I think that I've mentioned before that my kids love Breakfast For Dinner. I needed one carrot for the peanut noodles that I made last week and was looking to make something to use up some of the other carrots. I found this recipe and definitely had to give it a try. I'm a big fan of carrot cake! Although it's not my favorite dessert, it's definitely high up on the list. Of course, I thought I had a bar of cream cheese in the fridge, so I didn't buy one. Only when I went to make the "icing" did I realize that I didn't. I did have a tub of strawberry cream cheese though, so I ended up using that and slathering it on top of the pancakes. It actually wasn't too bad, but I would have liked to see how the pancakes would have tasted with the maple cream cheese filling.
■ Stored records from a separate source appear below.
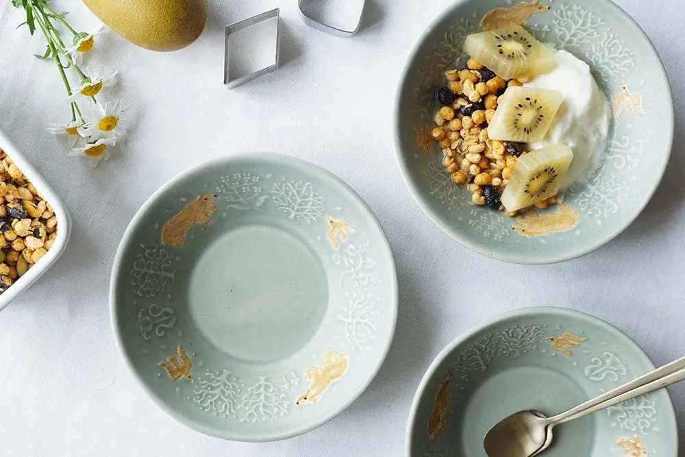 此款「薄綠(溫潤)」森林動物陶瓷碗,以漫步於繁茂樹林與花叢中的「熊」與「鳥」為設計主題,勾勒出充滿自然氣息的畫面,散發寧靜雅致的氛圍。碗身採用溫潤的淡綠色釉料,色調柔和略帶低調綠意,釉料中的細微成分在燒製後形成鐵點或藍點,點綴碗身,部分區域更可見釉料自然流動的痕跡或素坯白土的溫潤色澤,搭配以淺棕色釉彩勾勒的生動動物圖案,增添獨特質感與視覺層次。碗身深度適中,適合盛裝帶湯汁的菜餚或精緻甜點,栩栩如生的森林動物圖案為每一次用餐增添溫馨愉悅的體驗,讓您在品嚐美食的同時,感受大自然的輕鬆與美好。
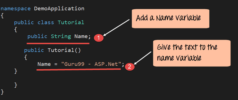 Step 4) Open the new Tutorial.cs file from "DemoApplication". Add the string "gtupapers – ASP.Net."
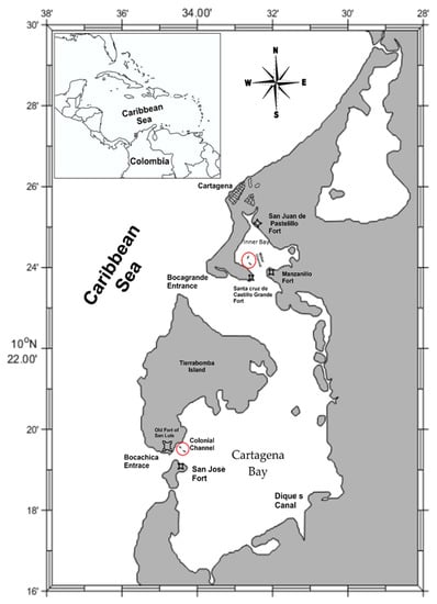 Cartagena Bay (Colombia) is located in the northeast of South America, in the Caribbean Sea, between latitudes 10.26° N and 10.45° N and longitudes 75.5° W and 75.6° W (Figure 1). In 2019, Cartagena de Indias population showed more than one million inhabitants, and its bay is, at present, considered a strategic place for the economy of Colombia since it holds important ports, industry and truism activities. Tierra Bomba Island separates the Bay from the Caribbean Sea, forming a shallow basin of 84 km2, with an average depth of 26 m. The access to the Bay takes place through the Bocagrande and Bocachica entrances. The former is located on the northern side of the bay, while the latter, which is deeper and allows the entry of larger ships since colonial times, is located on the southern side. The Bay presents estuarine characteristics [22] because it is influenced by the Canal del Dique, an artificial arm of the Magdalena River.
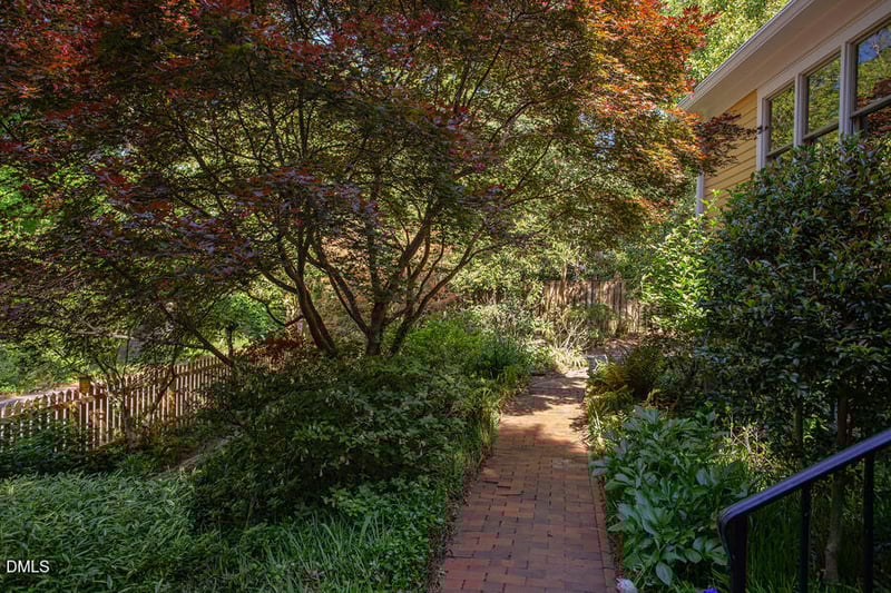 Listing details for 8 Cobb Ter, Chapel Hill, NC 27514 : Step through the picket gate into a world of timeless elegance in the historic Cobb Terrace subdivision. This 4-bedroom, 3-bath Craftsman welcomes you with a classic covered front porch and original heart of pine flooring that glows with history. The main level is designed for both grand entertaining and quiet moments, featuring a library-like living room (which offers flexibility as a main-level bedroom) and a cozy family room anchored by a fireplace and custom built-ins. The heart of the home is an open kitchen boasting a five-burner gas range, a prep island, and a sunny breakfast nook. Retreat to the spectacular sunroom, where walls of windows frame the lush gardens, and a vented fireplace makes it a year-round sanctuary. Upstairs, the primary suite offers a rare, attached sun nook with treetop views and an expansive walk-in closet with a built-in dresser. There are two additional bright bedrooms on the 2nd floor. The basement level adds incredible versatility to this historic gem. Featuring both interior and private exterior entrances, the space includes a bedroom, large family room, laundry, and its own kitchen--an ideal setup for a guest apartment, income-producing rental, or multi-generational suite. Outside, the grounds are a landscaped masterpiece of terraced gardens, brick pathways, and stone walls. Enjoy the ultimate downtown lifestyle, just steps from campus, local dining, and boutique shopping.

I ended up doubling the recipe, which left enough to have some for breakfast over the weekend.
From foodblog: closetcooking.com
1/2 cups whole wheat flour
1/2 cup all purpose flour
1 teaspoon baking powder
1 teaspoon cinnamon
1/4 teaspoon ginger
1/8 teaspoon nutmeg
1 cup milk (or buttermilk)
1/4 cup brown sugar
1 cup carrot (grated)
4 ounces cream cheese (room temperature)
3 tablespoons maple syrup
powdered sugar to taste
1. Mix the flour, baking powder, cinnamon, ginger and in a large bowl.
2. Mix the milk, egg, sugar and carrot in another bowl.
3. Mix the wet and dry ingredients making sure to not over mix.
4. Heat a pan and melt a touch of butter in it.
5. Pour 1/4 cup of the mixture into the pan and heat until the surface starts to bubble and the bottom is golden brown, about 2-3 minutes.
6. Flip the pancake and cook the other side until the bottom is golden brown, about 1-2 minutes.
7. Mix the cream cheese and maple syrup and add some powdered sugar to get it as sweet as you like.
8. Spread the cream cheese onto the pancakes.
Family Rating: 1 1/2 thumbs up! A great way to "sneak" in some veggies.